Дружинники княжича Ингваря оглядывались по сторонам, ежась от мороза и ужаса. Ноябрь в этом году выдался таким холодным, какого не бывало уже давно, и, казалось, они попали в ледяной ад. Дыхание густым паром вырывалось изо рта, студеный воздух обжигал лица, колючими пальцами проникая под одежду. Людей била дрожь, и трудно было сказать, отчего – от мороза или от горя.
Никто не произнес ни слова с той минуты, как маленький отряд вступил в разрушенную Рязань. Говорить было страшно, потому что первое же слово могло превратить творящийся кругом кошмар в реальность.
А еще всех снедал непереносимый стыд за то, что по счастливой случайности удалось выжить. В такой бойне до́лжно умирать рядом с семьей, земляками и братьями… Чтобы потом не приходить на пепелище, захлебываясь горем. Чтобы собственное бессилие не придавливало к булыжникам мостовой непосильной ношей. И не закрадывалась в голову страшная мысль остаться рядом с погибшими родичами. Навсегда.
Коловрат смотрел по сторонам и чувствовал, как внутри все обращается в камень и пепел.
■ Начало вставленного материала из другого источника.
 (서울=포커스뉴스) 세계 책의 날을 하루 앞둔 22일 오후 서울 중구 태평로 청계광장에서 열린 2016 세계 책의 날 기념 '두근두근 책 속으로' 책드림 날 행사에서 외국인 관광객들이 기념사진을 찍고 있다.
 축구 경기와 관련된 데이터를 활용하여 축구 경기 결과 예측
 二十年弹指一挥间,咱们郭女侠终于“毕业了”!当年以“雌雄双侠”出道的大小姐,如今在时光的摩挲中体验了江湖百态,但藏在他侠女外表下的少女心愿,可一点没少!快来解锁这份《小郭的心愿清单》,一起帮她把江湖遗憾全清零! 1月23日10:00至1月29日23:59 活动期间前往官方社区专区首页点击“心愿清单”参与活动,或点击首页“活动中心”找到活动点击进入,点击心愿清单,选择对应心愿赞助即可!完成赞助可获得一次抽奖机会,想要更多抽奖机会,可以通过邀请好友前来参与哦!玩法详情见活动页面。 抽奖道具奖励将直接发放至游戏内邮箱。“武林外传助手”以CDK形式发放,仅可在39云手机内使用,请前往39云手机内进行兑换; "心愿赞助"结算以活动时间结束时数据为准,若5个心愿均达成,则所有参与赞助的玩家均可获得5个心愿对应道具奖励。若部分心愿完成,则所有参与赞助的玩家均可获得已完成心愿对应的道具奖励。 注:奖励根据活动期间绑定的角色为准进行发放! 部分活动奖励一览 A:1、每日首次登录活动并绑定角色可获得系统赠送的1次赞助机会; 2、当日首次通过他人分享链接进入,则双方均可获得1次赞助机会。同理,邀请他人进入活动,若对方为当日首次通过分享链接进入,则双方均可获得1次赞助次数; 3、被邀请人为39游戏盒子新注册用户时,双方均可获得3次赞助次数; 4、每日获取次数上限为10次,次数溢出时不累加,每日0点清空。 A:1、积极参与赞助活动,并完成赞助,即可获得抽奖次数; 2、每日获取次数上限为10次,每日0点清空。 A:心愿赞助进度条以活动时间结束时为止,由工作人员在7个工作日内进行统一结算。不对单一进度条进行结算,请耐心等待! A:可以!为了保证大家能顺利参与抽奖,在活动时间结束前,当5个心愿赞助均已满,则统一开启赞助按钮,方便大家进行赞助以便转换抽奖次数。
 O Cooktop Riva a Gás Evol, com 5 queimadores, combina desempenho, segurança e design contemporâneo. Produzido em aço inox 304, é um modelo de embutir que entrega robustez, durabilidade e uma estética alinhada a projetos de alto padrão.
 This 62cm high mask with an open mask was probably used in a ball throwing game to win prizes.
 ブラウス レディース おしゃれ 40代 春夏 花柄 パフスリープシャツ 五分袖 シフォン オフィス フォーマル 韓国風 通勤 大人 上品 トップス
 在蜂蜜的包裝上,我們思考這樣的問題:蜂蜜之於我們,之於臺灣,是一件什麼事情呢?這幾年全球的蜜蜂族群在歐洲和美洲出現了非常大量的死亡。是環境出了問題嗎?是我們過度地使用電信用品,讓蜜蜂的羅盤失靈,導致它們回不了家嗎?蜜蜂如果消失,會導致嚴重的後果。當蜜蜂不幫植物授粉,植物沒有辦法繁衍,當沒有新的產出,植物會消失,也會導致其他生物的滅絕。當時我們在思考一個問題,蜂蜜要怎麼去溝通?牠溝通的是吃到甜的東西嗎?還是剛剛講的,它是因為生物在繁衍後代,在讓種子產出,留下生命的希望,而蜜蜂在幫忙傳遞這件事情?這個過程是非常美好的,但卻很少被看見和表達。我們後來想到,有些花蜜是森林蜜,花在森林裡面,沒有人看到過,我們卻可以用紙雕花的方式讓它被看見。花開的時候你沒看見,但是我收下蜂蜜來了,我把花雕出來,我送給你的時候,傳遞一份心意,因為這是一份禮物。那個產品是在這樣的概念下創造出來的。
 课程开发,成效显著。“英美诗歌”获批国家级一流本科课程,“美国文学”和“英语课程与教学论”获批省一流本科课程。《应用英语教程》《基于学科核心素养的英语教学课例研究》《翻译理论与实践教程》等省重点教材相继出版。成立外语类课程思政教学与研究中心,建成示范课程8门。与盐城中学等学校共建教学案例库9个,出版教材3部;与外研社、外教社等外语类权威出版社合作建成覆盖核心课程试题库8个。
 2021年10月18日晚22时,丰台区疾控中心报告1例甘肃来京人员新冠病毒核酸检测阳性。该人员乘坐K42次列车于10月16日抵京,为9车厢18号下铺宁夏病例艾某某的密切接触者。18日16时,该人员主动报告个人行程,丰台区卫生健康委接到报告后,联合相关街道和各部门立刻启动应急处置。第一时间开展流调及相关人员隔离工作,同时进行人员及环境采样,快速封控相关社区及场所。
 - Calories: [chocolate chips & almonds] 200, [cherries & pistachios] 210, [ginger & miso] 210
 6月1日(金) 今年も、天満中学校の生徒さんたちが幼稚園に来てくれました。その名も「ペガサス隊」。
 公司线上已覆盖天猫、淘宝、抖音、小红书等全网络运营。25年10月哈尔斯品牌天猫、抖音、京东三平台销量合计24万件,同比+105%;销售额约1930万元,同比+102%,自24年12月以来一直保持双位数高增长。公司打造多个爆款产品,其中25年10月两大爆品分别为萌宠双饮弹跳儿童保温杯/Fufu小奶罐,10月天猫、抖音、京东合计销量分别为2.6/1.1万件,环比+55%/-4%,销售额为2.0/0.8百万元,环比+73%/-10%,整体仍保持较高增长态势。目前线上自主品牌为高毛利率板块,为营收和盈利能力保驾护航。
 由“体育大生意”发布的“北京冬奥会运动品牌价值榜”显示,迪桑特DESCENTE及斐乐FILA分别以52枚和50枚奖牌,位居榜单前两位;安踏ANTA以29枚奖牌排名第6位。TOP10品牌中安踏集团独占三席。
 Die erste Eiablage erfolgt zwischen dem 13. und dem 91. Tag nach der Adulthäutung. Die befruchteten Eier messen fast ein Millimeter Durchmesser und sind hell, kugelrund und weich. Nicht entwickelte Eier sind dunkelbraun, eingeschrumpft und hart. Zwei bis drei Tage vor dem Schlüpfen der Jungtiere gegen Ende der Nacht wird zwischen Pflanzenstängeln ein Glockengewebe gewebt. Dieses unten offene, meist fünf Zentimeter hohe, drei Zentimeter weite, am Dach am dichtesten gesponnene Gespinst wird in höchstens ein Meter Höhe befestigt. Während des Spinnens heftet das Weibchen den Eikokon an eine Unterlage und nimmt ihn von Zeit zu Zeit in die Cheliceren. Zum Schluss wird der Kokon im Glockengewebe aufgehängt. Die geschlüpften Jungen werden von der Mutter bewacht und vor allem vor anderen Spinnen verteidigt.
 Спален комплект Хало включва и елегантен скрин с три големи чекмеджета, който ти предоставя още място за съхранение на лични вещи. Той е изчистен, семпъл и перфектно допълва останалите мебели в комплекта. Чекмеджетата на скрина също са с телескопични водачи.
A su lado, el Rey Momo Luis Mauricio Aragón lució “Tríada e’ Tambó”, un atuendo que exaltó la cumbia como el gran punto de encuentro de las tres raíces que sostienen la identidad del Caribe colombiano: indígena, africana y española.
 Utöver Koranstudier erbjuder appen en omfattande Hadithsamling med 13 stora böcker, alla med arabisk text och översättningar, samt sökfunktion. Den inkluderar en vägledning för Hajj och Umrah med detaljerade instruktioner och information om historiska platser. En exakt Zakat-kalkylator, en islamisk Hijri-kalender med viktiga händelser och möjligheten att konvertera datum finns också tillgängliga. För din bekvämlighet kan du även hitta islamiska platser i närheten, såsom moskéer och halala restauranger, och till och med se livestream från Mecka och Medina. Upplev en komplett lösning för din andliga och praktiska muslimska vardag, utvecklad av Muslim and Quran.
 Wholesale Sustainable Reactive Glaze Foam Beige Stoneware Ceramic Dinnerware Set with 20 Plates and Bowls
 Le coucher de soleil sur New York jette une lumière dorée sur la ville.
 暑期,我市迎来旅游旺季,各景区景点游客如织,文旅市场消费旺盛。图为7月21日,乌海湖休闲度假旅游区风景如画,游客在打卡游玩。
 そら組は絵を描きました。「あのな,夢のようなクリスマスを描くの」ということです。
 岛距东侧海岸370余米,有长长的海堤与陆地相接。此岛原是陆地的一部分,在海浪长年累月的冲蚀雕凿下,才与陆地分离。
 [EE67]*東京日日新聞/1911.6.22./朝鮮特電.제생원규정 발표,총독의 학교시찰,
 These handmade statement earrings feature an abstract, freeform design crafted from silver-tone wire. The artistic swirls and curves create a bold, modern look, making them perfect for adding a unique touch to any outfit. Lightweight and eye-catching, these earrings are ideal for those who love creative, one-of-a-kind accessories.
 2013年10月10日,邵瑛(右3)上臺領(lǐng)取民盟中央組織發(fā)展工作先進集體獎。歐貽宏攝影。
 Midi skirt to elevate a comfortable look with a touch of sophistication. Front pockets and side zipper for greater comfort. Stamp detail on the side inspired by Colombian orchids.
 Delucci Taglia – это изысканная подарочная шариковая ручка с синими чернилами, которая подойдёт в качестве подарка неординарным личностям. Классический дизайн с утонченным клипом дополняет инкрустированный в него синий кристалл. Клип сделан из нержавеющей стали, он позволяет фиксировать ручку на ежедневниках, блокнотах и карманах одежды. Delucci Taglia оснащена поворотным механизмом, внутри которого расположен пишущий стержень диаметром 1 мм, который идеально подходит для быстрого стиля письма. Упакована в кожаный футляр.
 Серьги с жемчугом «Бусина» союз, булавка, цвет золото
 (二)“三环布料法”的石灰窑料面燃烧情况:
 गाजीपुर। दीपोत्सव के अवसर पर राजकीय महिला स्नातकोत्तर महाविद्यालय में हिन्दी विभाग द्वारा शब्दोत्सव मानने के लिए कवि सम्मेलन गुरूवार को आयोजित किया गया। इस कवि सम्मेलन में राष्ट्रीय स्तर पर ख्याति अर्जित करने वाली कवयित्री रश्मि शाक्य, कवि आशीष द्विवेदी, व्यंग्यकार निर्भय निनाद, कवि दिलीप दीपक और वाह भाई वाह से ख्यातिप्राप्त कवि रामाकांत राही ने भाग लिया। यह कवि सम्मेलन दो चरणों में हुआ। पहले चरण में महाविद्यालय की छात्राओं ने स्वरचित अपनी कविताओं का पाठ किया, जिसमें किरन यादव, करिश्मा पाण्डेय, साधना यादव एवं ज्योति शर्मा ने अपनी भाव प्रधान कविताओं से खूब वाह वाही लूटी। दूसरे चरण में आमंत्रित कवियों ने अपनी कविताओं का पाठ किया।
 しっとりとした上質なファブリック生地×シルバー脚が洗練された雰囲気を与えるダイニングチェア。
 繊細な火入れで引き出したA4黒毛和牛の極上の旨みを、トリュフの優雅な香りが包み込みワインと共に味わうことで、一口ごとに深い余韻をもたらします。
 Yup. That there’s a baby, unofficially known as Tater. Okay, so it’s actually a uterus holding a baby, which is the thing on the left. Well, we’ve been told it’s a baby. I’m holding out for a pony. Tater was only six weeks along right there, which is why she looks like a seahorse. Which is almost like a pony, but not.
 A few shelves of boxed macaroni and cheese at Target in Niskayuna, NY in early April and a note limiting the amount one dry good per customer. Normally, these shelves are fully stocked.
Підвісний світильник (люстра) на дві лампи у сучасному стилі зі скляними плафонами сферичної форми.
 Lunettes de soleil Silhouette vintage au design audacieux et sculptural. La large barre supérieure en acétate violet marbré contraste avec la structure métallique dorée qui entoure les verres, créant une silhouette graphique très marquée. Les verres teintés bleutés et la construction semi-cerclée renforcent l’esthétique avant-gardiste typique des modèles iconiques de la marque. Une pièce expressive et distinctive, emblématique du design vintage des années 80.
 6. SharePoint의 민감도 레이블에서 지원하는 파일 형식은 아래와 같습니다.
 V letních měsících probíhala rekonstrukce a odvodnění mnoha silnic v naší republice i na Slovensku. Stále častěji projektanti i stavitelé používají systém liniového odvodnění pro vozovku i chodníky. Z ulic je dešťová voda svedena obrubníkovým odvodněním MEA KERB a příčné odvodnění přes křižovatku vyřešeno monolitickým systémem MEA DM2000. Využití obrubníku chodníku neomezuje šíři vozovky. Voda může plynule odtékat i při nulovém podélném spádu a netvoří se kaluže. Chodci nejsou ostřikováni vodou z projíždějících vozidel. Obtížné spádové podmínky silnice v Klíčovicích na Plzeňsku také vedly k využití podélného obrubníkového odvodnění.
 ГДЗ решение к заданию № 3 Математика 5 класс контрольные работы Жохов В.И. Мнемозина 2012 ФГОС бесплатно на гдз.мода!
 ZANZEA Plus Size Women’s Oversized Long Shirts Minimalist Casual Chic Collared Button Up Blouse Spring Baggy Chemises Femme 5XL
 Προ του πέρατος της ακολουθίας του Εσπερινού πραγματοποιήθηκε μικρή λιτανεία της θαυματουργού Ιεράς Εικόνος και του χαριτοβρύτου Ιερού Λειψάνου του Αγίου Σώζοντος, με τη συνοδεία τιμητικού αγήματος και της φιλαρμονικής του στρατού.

Он вглядывался в каждого убитого, встречавшегося по дороге. Многие тела были изуродованы. Обгоревшие, изрубленные в куски, растоптанные. И все равно Евпатий узнавал их.
Дышать становилось тяжело. Не из-за едкого дыма, черным саваном укрывшего Рязань, а из-за того, что горло все сильнее сдавливали рыдания. Только слез не было. Глаза оставались сухими, лишь блестели лихорадочно, когда задерживались на трупах друзей, знакомых, товарищей.
Евпатий разглядывал умерших с болезненным тщанием, силясь оттянуть момент, когда доведется подойти к своему собственному дому и посмотреть, что стало с… Нет! Об этом даже думать нельзя.
– Надо отыскать выживших, – раздался откуда-то из далекого далека хриплый голос Ингваря. – И похоронить павших.
Коловрат оглянулся на княжича – тот был белее снега. Бесцветные, остановившиеся глаза неотрывно смотрели на черные руины, которые некогда были хоромами его дяди и в котором жила вся его семья.
Боярин кивнул и поворотил коня, направившись к сбившимся в кучу дружинникам. Рязанцев среди них было всего человек тридцать-сорок – те, кого Юрий отрядил с Ингварем в Чернигов. Еще сотню дал черниговский князь. Добрые воины, но сейчас они больше походили на тени, чем на живых людей. Это понятно, он и сам чувствовал себя так же, – в безмолвном, воняющем гарью и смертью аду не было места ничему живому. Но оплакивать павших будем потом, сейчас нужно найти тех, кому посчастливилось спастись… Если такие остались.
Евпатий боялся признаться самому себе, что в сердце тлеет едва различимый огонек надежды. «Господи, сотвори чудо. Пускай Настя и дети будут живы».
Напрягая все душевные силы, чтоб не выказать обуревающих его чувств, Коловрат подъехал к дружинникам. Большинство остались сидеть в седлах, будто страшились ступить на укрытую золой и снегом землю. Только Ратмир стоял в стороне, запрокинув голову. Он смотрел в небо, растирал руками пепел и судорожно втягивал воздух. Плакать старый воин не умел, хотя сейчас слезы могли бы принести хоть малую толику облегчения, и никто не осудил бы его за слабость. Пробыв столько лет в плену у мунгалов, Ратмир не успел вернуться домой, как тот превратился в мертвое пепелище. Проклятый пес Бату-хан сжег все, что заставляло командира лучшей рязанской дружины бороться, верить и жить. Не осталось ничего, кроме немощного тела и пепла на сухой ладони.